Штабс-капитан читал, а Федор мучительно думал, писали о нем что-нибудь или нет. Вроде бы нет, а вдруг? Ведь он часто и на собраниях и на митингах выступал…
— Значит, Бакай!
— Бакай, — внешне спокойно повторил Федор, а сам уже решил: как только штабс-капитан назовет плавбатарею «Защитник трудящихся» — сразу бросится на него и за горло…
— Есть Бакай!..
Федор старался ничем не выдать своего волнения, но мускулы его напряглись.
— Т. И. Бакай… Т. И… кто это?
У Федора даже в ушах зашумело, и он с неподдельной радостью воскликнул:
— Брат мой, Тимка! Тимофей Иванович. Младший…
— Обрадовался, что у красных? — подозрительно взглянул на Федора штабс-капитан.
— Да нет! Жив он, оказывается! Ведь три года, с сентября семнадцатого, о нем вестей не имею!
— Так, так… Батальон пограничной стражи… Пост «Старик»… Подчасок… Так вот, можешь не радоваться. — И штабс-капитан торжественным тоном, словно на богослужении, начал читать: «Предстал перед судом Военного трибунала по обвинению в потере политической бдительности, в измене делу рабочего класса, выражающейся в том, что, будучи на посту в дозоре, допустил высадку белогвардейского десанта, а находясь в госпитале, способствовал побегу арестованных офицеров, а затем и сам переметнулся к бандитам…» В общем считай, что его нет, Чека и за меньшее на тот свет отправляет.
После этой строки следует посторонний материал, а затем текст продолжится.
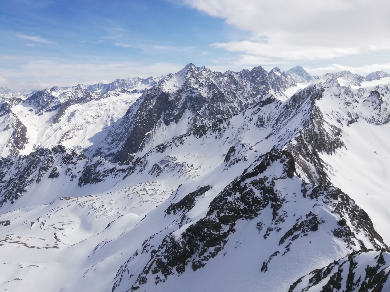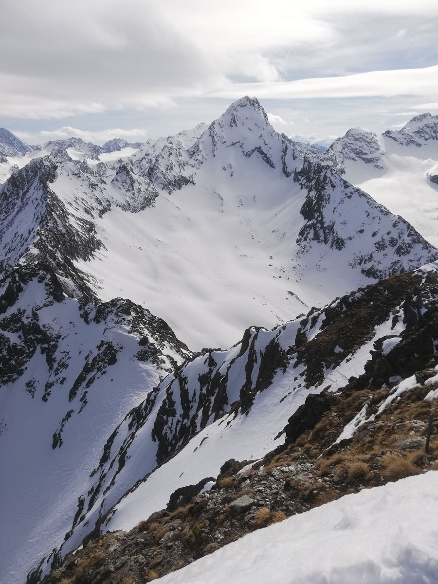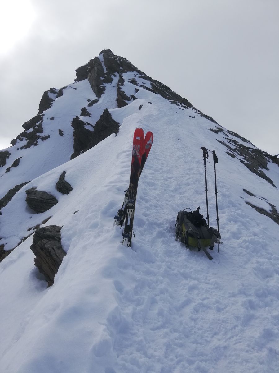 Schnee ab Parkplatz. Die Hänge hoch zum Kamplloch, weiter bis ca. 2700m, dann nach rechts unterhalb des Grates, auf den Grat, vor einem felsigen Teil (ca 2860m) nochmal nach rechts in die Flanke und kurz danach wieder nach links zurück an den Grat und Skidepot (ca 2900m). Ab hier dick ausgetretene Spur, zunächst auf Schnee, später durch Fels, die Kette an der "Schlüsselstelle" kurz unter dem Gipfel liegt frei - und ist nützlich.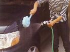 まず水でホコリや泥汚れを落とします。重曹電解洗浄液生成器で生成された電解洗浄液(重曹電解洗浄液)原液を30倍くらいに薄めてスプレーし、2~3分後に、汚れが浮いてきますので水をかけて洗い流します。

Федор опустил голову. Хоть и утешали его в Очакове, что с братом ничего не случилось, да кто знает, уж очень серьезные обвинения. Может, просто успокаивали? Да, но действительно разведка поставлена неплохо, ведь вот, давно ли об этом в газетах было напечатано, а уже здесь известно. И чтобы не молчать, проговорил со вздохом:
— Жаль… Ему и девятнадцати нет… Способный был парнишка, мечтал на инженера выучиться…
— Ну вот, большевики выучили… Да и зачем им инженеры? Для того чтобы разрушать, инженеры не нужны…
Федор молчал. Отвергать слова штабс-капитана ни к чему, подтверждать не стоит, А молчать — самое удобное, горюет о брате, и все…
Все это было так естественно, что даже Эрнст Карлович, по-видимому, перестал сомневаться.
— …Ладно, что было, то было, как говорится в романсе, прошлого не вернешь. Но вот еще один вопросик: какие планы на будущее у Федора Бакая, бывшего забастовщика, потом матроса, склонного к большевизму, а сейчас почти добровольно пришедшего служить на корабли флота их превосходительства барона Петра Николаевича Врангеля?
Над ответом Федор даже не задумался:
— Это, конечно, правильно, и бастовал, и на Дон ходил — нельзя же одному против всех. А думал и думаю я о том, чтобы стать мастером по строительству кораблей, как мой отец. Ему вон император часы подарил.
Федор заметил, как на ничего не выражающем, каменном лице штабс-капитана от удивления дрогнули брови.
— Что ж, служи, покончим с большевиками…
«Дай бог нашему теляти волка съесть», — мысленно прокомментировал Федор слова Эрнста Карловича.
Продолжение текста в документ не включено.